A Grand Tour Of Harlem

A Grand Tour Of Harlem, photo: Andrew LernerWhen traveling to New York City, the obvious hot spots are Times Square, Grand Central, the Empire State Building, etc.  With so much to see and do, it’s hard to see the whole city in one trip.  That being said, there is one neighborhood that most people don’t make time for, but should.  That neighborhood is Harlem.  Luckily, a tour group called Free Tours by Foot offers a fabulous tour of the neighborhood.  Home to a number of historically famous landmarks, Harlem has gone through several phases of gentrification and depression, as well.  Originally a farming territory until the late 1800’s, Harlem was a separate colony from Manhattan, connected by Broadway.  If you have ever actually explored the neighborhood, you know how hilly it is.  Those hills were once cliffs that now serve as sidewalks, roads, and parks.  


What really made upper Manhattan more accessible was the construction of railroads – namely the Metro North Railroad originating from Grand Central Concourse (now Grand Central Terminal).  The first immigrants to begin settling uptown were the Germans and Jews in Yorkville, as well as Italians, all alongside the famous Harry Houdini who lived on 113th street and 7th avenue.  This migration uptown lead to what we know as the Harlem Renaissance.  


You might be wondering how Harlem went from farming rural land to the urban metropolis it is today.  Well, did you know that Manhattan was the second largest slave town in the world at one point?  Only Charleston, South Carolina saw more slaves than NYC.  They cut down all the trees on Broadway, and built sewers.  1827, though, finally saw the end of slavery in Manhattan.

 
This tour also highlighted some points of interest like famous churches, and the old Harlem Renaissance Ballroom.  Two streets in particular stood out in the neighborhood as being exceptionally beautiful.  Lined with trees and gorgeous brownstones, 138th and 139th streets are nicknamed “Striver’s Row,” as the residents there strive to maintain the beauty.  We also saw, from a distance, the Harlem YMCA, which was the front porch of the Harlem Renaissance.  At that time, the facility had SRO’s, or single room occupancies, one of which actually housed Malcolm X for about 4 months.  


After riots ravaged the neighborhood from 1964-1968, the building owners had to come up with ways to get tenants back uptown.  As a result, leases were sold for $1 and investors would have the buildings to do with what they pleased.   The city saw this as an opportunity to make some cash, and by 1993, the city of New York owned 60% of the buildings in Harlem.  

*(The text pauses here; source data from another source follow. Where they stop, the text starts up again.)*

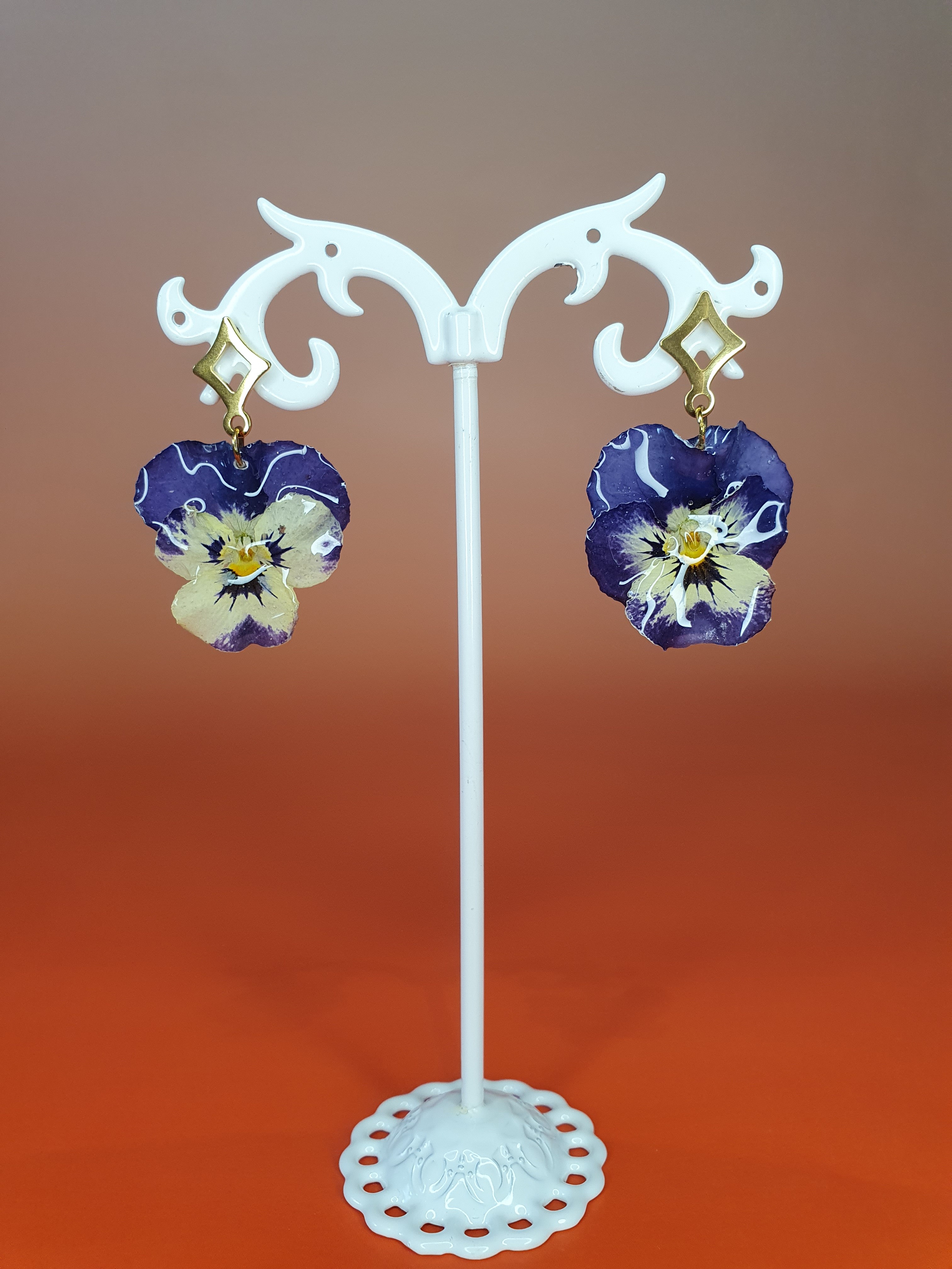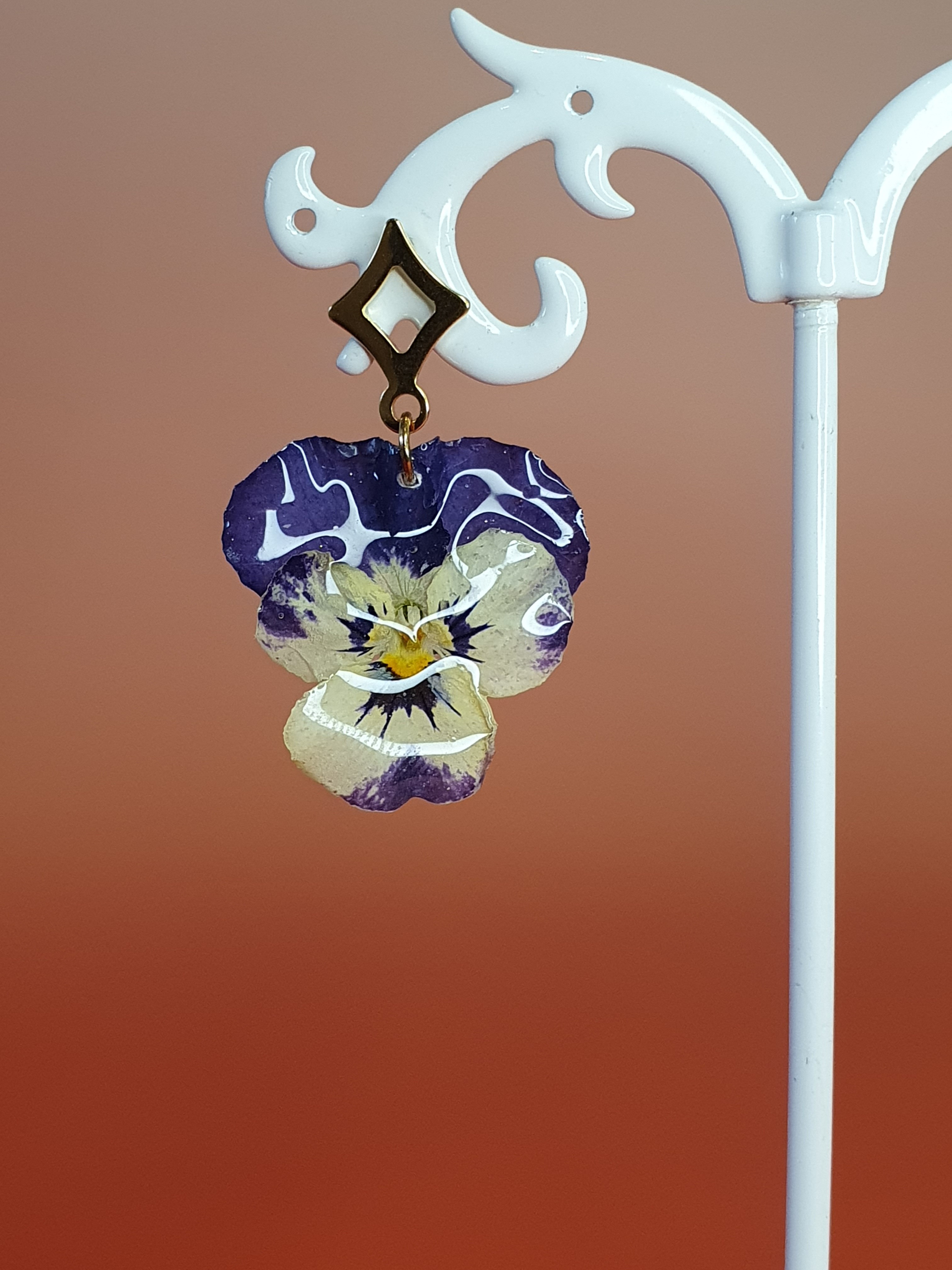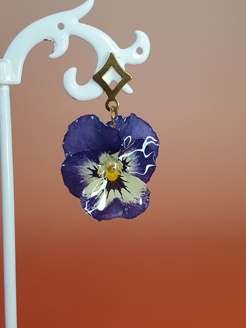 Apportez une touche unique et originale à votre tenue avec cette paire de boucles d’oreilles réalisées à partir de véritables fleurs de pensée.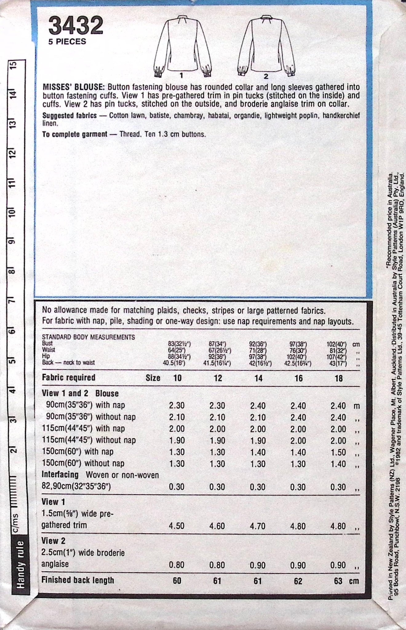 Misses' Blouse: This pattern is a button-up with a rounded collar for a timeless and versatile look. The pre-gathered trim and pin tucks are a subtle yet sophisticated touch, while the broderie anglaise trim adds an elegant touch to the collar. Easy to customise, perfect for vintage fashion lovers. ©1982.
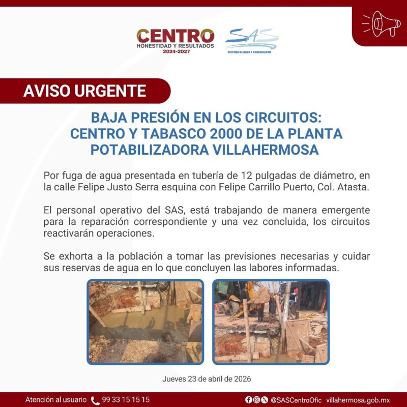 El Sistema de Agua y Saneamiento (SAS) informó que los circuitos Centro y Tabasco 2000, abastecidos por la Planta Potabilizadora Villahermosa, operarán con baja presión debido a una fuga de agua registrada en una tubería de 12 pulgadas de diámetro.
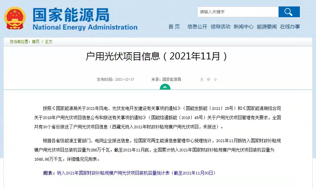 根據各省級能源主管部門、電網企業報送信息,經國家可再生能源信息管理中心梳理統計,2021年12月新納入國家財政補貼規模戶用光伏項目總裝機容量為508.98萬千瓦。截至2021年12月底,全國累計納入2021年國家財政補貼規模戶用光伏項目裝機容量為2159.62萬千瓦。詳細情況見附表。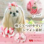 犬 アクセサリー 春 角度一定スタンド式 いちご柄シフォンバレッタリボン シフォン素材 ふんわり ストロベリー ギフト 小型犬 撮影 ピンク ホワイト LB-310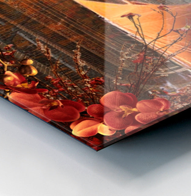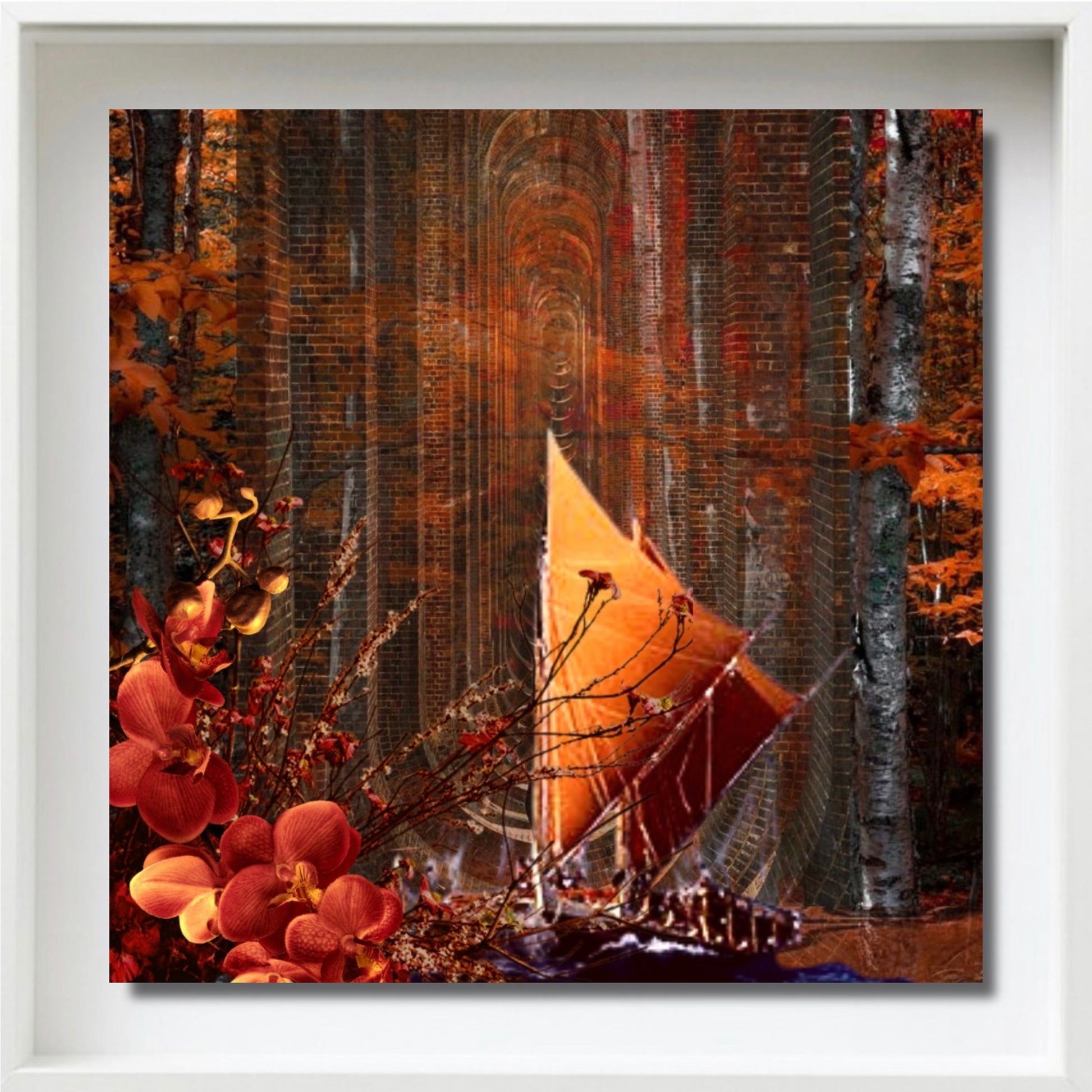 Dynamic Red Palette Of Abstract Portal of Old Stone Tunnel in Distance. Old World Ship of Sails on Adventure Journey. Exotic Red Orchids Provide Framed Point of View.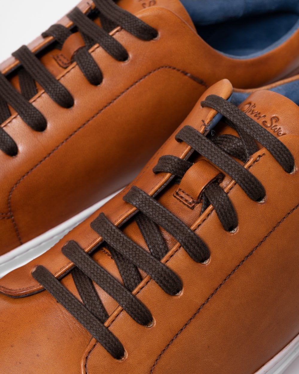 Oliver Sweeney Hayle Antiqued Calf Leather Mens Trainers in Cognac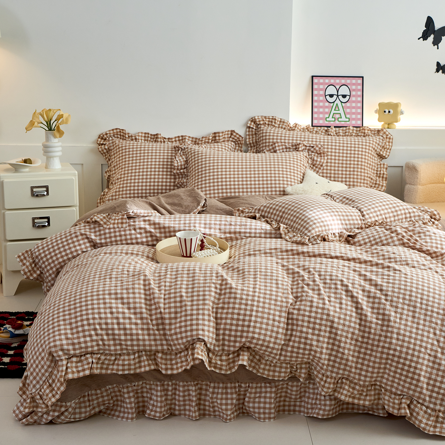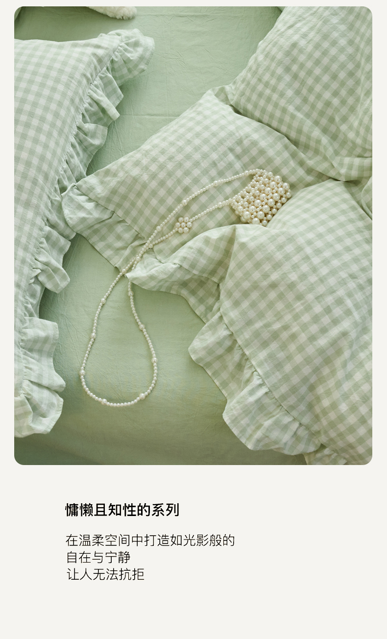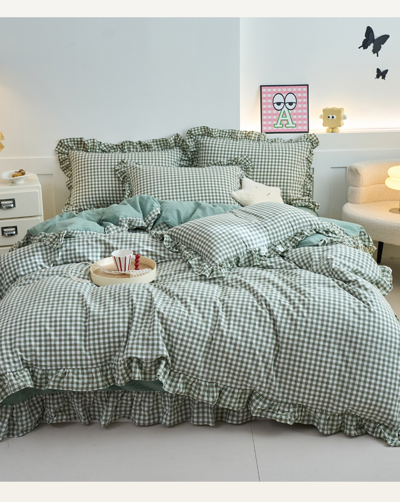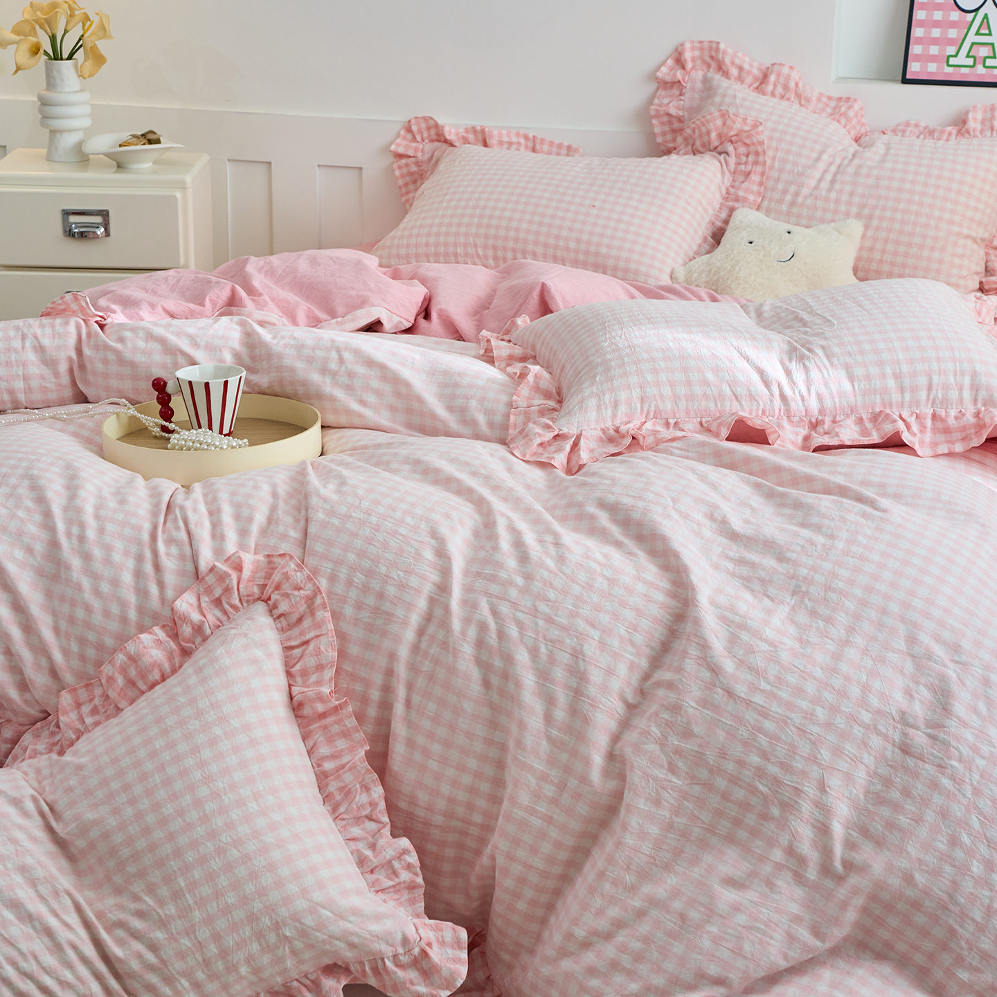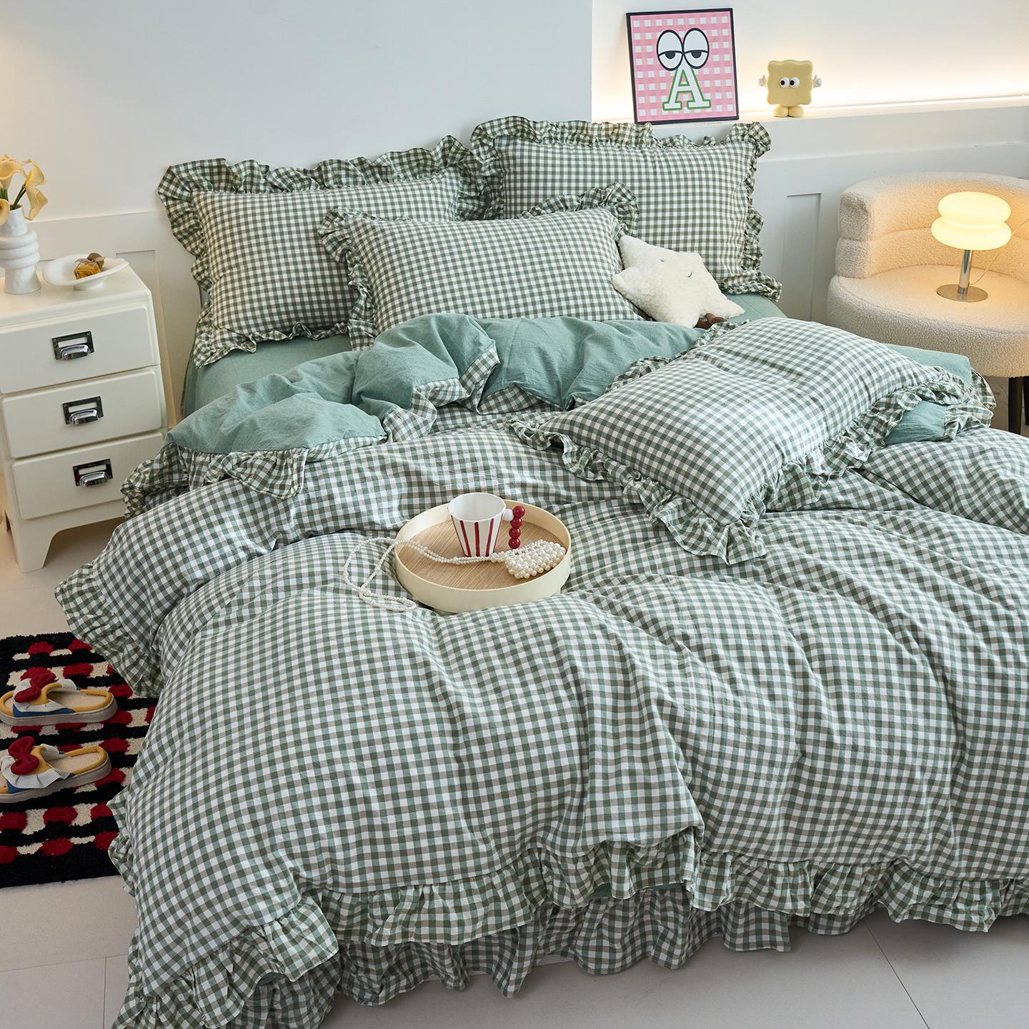 (总)珂博家纺 2025新款韩版花边四件套纯棉全棉水洗棉四件套,粉小格,蓝小格,浅绿小格,浅粉小格,绿小格,咖小格

Luckily, the neighborhood that we know and love today continues to gentrify and thrive.  Harlem is a culturally rich neighborhood home to a diverse multitude of people.  Sometimes it feels more suburban; with block parties in the 140’s every weekend over the summer, and sometimes it feels super urban with street vendors lining busy streets.  Whatever you fancy, Harlem is a perfect neighborhood to explore on your next trip to New York City, especially with Free Tours by Foot.